BJ Penn's mother, Lorraine Shin, drew criticism for writing the Nevada State Athletic Commission about the greasing allegations that were made against Georges St. Pierre in the bout against her son. But to Shin, writing the letter was the correct thing to do because of her experience working with fighters in shows in Hawaii.

"I have been involved with producing shows in Hawaii for years," Shin said. "My viewpoint, as BJ Penn's mother, was from the producer side and being involved with fighters. I have never said or felt that my son would have won the fight. It just wasn't fair."

Still, most mothers know that there are times they must keep their distance. Shin said though she and BJ are close and he lives just two doors away from her, she tries not to disrupt him while he is in training camp.

"When he is training, I just go and peek in. I am very careful not to disrupt any of the training. We don't want to distract him. They need that time to focus and train."

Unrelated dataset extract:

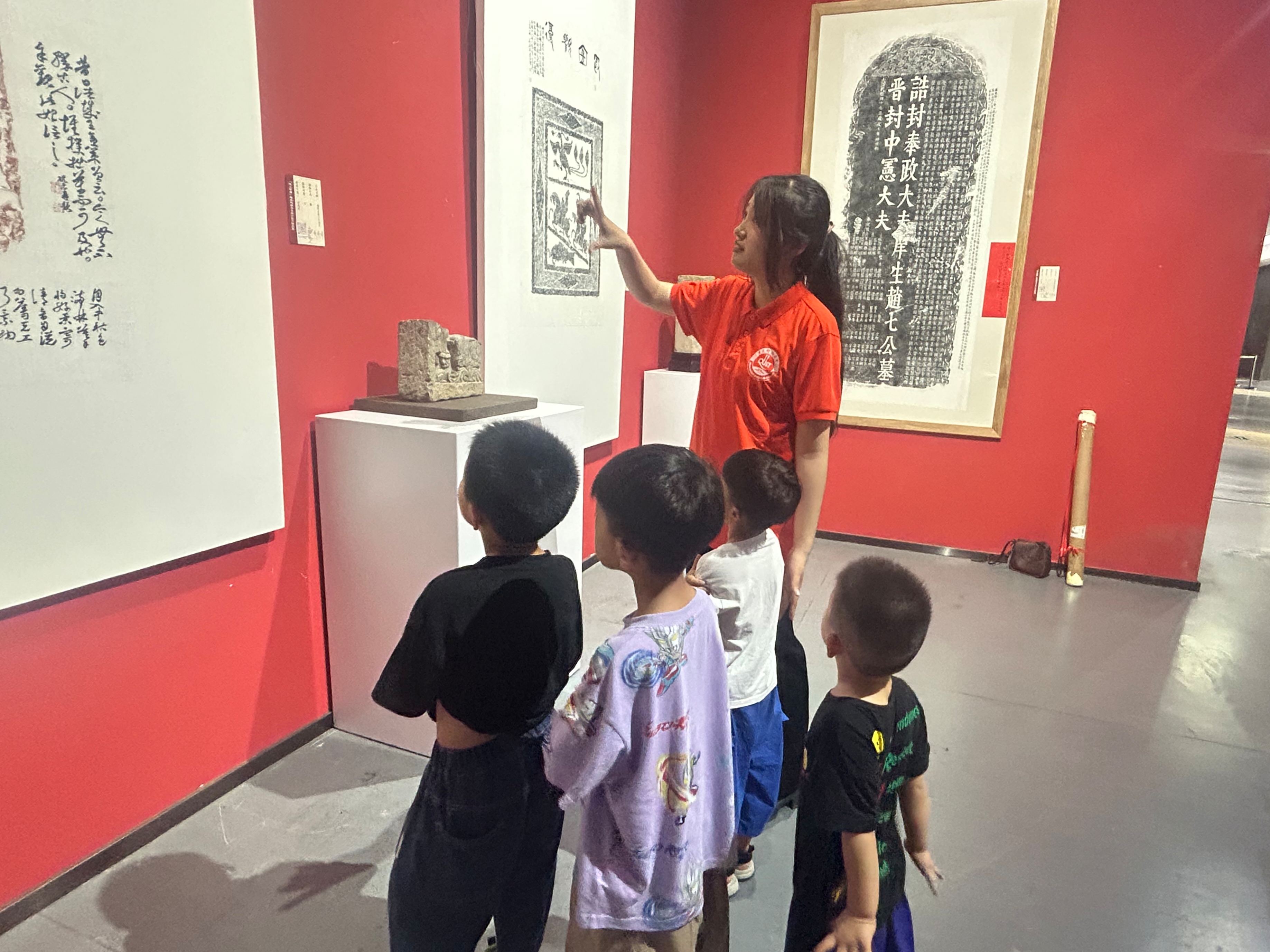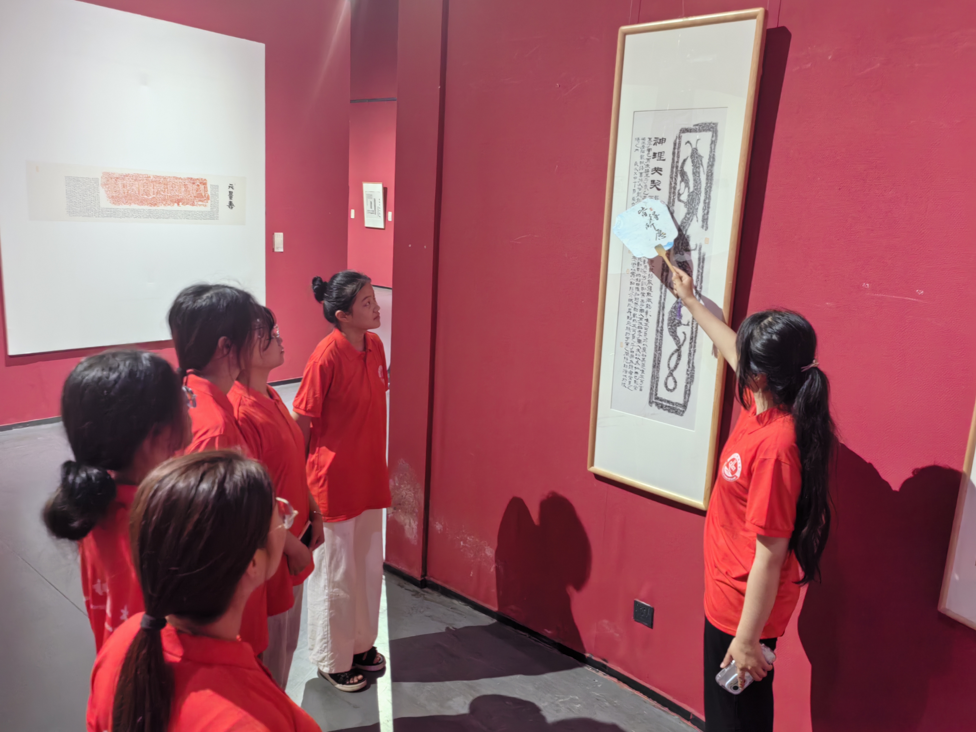 实践培训部分,在临沂市美术馆工作人员的带领下,宣讲团成员先后参观了国画书法展厅、王羲之博物馆等,讲解员为宣讲团详细介绍了临沂市美术馆馆藏作品的内容、精神和意义,通过参观学习,宣讲团成员对文化作品中所展现出的时代背景和文化内涵有了更深刻的理解,提升了审美能力和艺术素养。

But the distance doesn't keep mothers from the advice-giving role. For Debbie Guida, the mom of Clay and Jason, she offered career advice early to all of her children, and is happy that they took it.

"I tell all three of my kids to pick a profession that you like because then you'll get up in the morning and give it your all. I know that all three of my kids have picked a profession that they want to be in."

Shirley Evans also gave her son career advice. She told him how to deal with the many times he's been booed.

"Don't worry about the boos. All you have to do is win. You have to honestly know that everyone who is booing you, you don't know those people! You got to be good, stay good, and if they boo you, they boo you. They won't boo you when you do bad, they boo you when you do good, so which boo are you going to take?"

A very Happy Mother's Day and thank you to all of the mothers who took part in this post. To my own mother, thanks for putting up with me as a daughter and Happy Mother's Day.